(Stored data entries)

*** Block opens ***

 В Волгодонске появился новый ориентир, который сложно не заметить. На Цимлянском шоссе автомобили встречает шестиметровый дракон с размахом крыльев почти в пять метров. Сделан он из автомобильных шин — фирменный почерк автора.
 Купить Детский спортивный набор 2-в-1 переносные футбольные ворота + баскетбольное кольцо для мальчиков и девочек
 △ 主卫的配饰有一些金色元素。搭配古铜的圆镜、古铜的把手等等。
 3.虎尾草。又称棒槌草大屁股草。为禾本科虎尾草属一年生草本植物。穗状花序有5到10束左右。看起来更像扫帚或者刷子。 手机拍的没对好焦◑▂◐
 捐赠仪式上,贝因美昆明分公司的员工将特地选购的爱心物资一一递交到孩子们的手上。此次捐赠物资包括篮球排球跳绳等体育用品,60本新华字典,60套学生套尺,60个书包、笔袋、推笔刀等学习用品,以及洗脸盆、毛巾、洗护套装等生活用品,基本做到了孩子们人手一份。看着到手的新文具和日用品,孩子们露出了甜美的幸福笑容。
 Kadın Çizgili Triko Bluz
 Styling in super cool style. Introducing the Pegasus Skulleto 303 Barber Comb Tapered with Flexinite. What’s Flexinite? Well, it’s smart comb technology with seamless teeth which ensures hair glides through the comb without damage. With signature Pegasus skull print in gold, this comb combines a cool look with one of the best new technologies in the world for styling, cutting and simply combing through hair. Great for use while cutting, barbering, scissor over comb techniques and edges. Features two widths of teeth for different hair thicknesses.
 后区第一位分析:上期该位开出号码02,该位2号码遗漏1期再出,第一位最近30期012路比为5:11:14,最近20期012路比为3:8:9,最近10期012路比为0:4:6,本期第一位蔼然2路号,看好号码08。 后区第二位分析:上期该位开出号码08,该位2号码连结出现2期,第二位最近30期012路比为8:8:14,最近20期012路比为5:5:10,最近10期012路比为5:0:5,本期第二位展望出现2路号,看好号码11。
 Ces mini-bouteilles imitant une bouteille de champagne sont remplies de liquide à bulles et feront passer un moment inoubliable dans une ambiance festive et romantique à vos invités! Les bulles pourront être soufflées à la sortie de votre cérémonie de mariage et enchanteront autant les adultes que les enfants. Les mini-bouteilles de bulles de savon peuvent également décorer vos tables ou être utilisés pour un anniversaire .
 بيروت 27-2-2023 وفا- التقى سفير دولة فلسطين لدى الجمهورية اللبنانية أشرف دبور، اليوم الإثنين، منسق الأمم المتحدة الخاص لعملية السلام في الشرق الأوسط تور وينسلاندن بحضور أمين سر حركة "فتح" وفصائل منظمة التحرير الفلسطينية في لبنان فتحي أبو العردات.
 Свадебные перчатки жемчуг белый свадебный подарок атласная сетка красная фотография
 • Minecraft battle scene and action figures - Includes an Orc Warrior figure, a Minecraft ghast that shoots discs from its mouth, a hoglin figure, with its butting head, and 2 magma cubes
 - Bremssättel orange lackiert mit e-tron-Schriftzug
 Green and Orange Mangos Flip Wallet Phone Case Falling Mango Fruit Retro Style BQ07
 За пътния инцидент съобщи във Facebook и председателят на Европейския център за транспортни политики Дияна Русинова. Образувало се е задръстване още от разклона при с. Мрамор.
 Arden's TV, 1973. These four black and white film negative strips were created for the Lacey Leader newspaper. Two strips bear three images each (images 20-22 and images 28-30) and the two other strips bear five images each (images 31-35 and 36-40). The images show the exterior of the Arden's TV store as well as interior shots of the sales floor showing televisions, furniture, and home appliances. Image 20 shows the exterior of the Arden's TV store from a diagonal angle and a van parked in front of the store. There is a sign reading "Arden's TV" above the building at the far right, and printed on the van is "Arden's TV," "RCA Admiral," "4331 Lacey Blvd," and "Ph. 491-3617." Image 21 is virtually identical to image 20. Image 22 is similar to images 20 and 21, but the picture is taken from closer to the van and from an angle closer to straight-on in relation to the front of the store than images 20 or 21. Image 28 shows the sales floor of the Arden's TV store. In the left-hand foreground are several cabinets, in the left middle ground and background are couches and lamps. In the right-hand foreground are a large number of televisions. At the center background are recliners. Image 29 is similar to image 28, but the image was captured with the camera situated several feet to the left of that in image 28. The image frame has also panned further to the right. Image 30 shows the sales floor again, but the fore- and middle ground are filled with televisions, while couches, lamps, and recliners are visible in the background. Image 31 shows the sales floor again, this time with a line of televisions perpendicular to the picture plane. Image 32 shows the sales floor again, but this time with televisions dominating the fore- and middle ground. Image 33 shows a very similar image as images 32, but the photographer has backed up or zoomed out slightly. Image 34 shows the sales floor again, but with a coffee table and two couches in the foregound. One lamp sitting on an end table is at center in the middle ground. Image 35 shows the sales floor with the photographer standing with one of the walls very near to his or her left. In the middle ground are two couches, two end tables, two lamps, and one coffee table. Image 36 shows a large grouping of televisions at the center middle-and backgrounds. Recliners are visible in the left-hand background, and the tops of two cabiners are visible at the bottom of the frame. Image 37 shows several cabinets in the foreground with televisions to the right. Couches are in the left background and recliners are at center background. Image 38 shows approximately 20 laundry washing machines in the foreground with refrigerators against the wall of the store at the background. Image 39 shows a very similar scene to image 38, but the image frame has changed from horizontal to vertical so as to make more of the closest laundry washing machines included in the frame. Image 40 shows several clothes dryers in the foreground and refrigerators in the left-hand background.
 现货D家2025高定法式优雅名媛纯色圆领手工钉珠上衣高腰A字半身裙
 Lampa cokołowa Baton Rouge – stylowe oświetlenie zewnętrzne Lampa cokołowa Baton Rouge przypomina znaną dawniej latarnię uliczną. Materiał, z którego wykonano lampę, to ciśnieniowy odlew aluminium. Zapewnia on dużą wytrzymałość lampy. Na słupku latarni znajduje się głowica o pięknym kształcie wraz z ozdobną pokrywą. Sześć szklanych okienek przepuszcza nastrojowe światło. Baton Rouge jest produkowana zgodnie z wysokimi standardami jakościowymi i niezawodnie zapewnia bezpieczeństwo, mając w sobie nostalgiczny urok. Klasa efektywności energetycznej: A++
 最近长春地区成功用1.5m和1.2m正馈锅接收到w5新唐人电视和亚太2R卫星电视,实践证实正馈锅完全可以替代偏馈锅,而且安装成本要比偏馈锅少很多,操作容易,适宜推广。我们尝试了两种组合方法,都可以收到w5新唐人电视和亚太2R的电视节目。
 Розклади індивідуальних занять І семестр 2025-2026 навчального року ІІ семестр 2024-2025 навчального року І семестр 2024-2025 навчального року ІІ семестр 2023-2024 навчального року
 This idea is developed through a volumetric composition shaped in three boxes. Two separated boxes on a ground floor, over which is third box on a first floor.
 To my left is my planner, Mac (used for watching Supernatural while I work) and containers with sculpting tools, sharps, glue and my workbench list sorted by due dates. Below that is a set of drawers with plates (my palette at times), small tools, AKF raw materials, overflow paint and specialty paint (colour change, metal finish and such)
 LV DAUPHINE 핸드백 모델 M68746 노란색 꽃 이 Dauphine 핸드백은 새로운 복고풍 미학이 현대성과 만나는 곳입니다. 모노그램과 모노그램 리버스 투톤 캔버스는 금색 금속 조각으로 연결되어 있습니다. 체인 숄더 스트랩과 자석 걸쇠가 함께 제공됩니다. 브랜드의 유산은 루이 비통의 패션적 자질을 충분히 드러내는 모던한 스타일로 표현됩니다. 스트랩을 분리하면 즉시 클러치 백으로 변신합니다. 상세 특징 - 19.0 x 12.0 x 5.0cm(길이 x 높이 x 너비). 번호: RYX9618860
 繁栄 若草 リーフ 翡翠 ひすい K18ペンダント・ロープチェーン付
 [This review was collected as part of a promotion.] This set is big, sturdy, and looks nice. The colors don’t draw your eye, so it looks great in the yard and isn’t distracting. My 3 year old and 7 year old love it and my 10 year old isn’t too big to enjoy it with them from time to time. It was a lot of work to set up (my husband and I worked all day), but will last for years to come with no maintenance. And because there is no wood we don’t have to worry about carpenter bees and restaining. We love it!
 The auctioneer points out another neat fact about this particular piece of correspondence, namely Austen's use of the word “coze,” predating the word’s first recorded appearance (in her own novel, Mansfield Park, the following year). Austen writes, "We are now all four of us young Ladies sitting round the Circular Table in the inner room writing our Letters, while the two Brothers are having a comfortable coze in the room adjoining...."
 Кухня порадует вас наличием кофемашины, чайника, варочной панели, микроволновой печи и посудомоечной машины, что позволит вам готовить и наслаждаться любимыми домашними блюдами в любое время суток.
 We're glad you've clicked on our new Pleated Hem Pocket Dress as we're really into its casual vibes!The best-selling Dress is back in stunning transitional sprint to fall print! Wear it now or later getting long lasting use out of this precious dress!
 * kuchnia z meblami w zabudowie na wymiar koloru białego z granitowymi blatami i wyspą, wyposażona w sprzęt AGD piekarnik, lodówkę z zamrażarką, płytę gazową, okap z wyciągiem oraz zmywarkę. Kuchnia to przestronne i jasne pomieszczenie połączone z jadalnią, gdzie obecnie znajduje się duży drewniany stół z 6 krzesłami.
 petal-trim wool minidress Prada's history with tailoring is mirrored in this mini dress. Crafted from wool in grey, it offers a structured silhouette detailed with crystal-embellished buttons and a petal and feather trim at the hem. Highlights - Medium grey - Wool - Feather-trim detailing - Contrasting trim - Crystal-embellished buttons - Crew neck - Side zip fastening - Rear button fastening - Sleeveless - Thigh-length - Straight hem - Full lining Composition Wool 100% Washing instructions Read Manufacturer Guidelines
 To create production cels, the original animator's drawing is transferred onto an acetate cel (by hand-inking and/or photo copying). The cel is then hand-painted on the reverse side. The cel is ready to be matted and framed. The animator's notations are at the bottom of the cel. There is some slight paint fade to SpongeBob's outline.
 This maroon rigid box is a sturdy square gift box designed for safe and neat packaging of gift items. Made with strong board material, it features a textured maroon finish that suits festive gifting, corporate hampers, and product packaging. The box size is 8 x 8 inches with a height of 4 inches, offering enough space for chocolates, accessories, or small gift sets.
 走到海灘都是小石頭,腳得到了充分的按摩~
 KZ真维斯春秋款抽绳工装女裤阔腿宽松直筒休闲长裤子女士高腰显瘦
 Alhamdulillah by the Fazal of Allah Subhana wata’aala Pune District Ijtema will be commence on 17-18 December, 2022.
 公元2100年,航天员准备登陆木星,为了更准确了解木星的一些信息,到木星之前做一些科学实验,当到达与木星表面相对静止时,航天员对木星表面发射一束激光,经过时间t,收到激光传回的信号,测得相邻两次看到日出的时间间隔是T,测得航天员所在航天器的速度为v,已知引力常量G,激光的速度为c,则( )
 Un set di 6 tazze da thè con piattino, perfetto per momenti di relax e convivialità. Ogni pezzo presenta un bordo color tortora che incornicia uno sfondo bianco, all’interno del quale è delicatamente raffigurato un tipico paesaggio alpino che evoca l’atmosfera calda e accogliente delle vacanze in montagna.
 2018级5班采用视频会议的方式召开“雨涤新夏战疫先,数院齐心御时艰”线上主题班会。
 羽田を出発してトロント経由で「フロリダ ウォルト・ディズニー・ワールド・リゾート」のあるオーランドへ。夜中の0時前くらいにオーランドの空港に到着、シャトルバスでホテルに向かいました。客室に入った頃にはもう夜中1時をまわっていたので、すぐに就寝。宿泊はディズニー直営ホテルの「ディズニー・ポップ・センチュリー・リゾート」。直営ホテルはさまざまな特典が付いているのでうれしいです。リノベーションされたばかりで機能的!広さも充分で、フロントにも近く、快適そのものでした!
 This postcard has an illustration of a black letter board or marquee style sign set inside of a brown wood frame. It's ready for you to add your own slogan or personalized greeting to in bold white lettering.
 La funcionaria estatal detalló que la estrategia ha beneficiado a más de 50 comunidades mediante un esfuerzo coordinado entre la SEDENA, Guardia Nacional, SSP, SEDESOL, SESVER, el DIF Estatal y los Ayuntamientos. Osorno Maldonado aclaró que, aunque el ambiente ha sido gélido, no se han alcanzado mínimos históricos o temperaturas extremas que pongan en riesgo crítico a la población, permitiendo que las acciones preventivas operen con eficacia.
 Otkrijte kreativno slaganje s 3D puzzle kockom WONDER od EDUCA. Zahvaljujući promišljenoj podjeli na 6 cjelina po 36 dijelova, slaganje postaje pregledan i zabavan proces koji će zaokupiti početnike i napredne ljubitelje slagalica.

*** Block closes ***

→ INSTRUCTIONS TO FOLLOW: Which lines above hold the string "best"? Show each of them.

→ RESPONSE FOR THIS EXERCISE:
 Styling in super cool style. Introducing the Pegasus Skulleto 303 Barber Comb Tapered with Flexinite. What’s Flexinite? Well, it’s smart comb technology with seamless teeth which ensures hair glides through the comb without damage. With signature Pegasus skull print in gold, this comb combines a cool look with one of the best new technologies in the world for styling, cutting and simply combing through hair. Great for use while cutting, barbering, scissor over comb techniques and edges. Features two widths of teeth for different hair thicknesses.
 We're glad you've clicked on our new Pleated Hem Pocket Dress as we're really into its casual vibes!The best-selling Dress is back in stunning transitional sprint to fall print! Wear it now or later getting long lasting use out of this precious dress!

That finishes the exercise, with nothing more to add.